I haven't been back to the photographer for over a month. That will be corrected as I have an appointment next Wednesday.

Dessert idea for the week: Weight Watchers Cookies and Cream Ice cream Bars. They are two points each and are just delicious. They do however give you gas.... and it doesn't smell like cookies and cream.

Saturday, September 11, 2010

Emotional Eating and 9/11

9 years ago I was in bed when my friend Debby Quebedeaux called and woke me up with the news that the Trade Center had been hit by a plane. I got up and turned on the TV and watched in horror while the second plane hit into the second tower. I was in shock. I left the house went to the store(in my jammie pants and a tee shirt) and bought a half gallon of ice cream. Then I came home and proceeded to eat the entire half gallon. I sat with the container in my lap and spoon by spoon ate the entire thing while watching the horror on TV. I can't remember even feeling anything other than such horror and sorrow but I was feeding my emotions at the time. I would take time to wipe my tears and my nose and continue to eat the ice cream till it was gone. I didn't realize that I had eaten the entire thing till I looked down and found myself surprised that the container was empty. Looking back my current response is "what was I thinking???" The problem was that I wasn't thinking. I was distressed and in shock and the first thing I did without thinking was to feed that emotion.
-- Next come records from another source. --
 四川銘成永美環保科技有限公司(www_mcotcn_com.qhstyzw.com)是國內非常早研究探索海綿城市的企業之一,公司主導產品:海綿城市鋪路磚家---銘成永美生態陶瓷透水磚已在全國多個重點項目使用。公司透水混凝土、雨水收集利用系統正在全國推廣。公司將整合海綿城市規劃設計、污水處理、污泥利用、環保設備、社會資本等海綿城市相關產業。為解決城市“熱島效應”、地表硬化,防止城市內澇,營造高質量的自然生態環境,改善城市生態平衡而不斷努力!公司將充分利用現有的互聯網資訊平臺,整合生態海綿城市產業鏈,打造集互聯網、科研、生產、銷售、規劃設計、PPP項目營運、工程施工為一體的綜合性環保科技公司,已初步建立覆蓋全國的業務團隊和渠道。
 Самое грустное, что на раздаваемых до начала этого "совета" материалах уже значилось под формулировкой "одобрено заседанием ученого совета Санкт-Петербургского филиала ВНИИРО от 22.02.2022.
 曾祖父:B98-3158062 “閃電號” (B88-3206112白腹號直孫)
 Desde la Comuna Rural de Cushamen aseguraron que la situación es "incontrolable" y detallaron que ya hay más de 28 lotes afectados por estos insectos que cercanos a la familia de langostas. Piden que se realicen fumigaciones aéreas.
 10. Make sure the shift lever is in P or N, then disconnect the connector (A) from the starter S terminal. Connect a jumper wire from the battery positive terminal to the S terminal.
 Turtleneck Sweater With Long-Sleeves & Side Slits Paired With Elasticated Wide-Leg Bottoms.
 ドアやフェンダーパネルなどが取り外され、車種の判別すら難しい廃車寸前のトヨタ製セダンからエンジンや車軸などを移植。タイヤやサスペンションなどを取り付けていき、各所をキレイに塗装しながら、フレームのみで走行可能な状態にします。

I was conscious this year of my feelings and found as I was watching the replays on the news that I wanted something sweet. I didn't follow thru with that desire and allowed the emotion that I was feeling to roll over me. I really understood that in the past I have eaten when I have been upset to cover up my feelings. This is some sort of ah-ha moment. So today on the anniversary of the senseless terror attack on New York City, on Americans I am watching without food to dull the feelings. I prayed instead that the survivors, families and those immediately touched by the attack will be blessed. I will, every year hold vigil in front of my TV and I will remember.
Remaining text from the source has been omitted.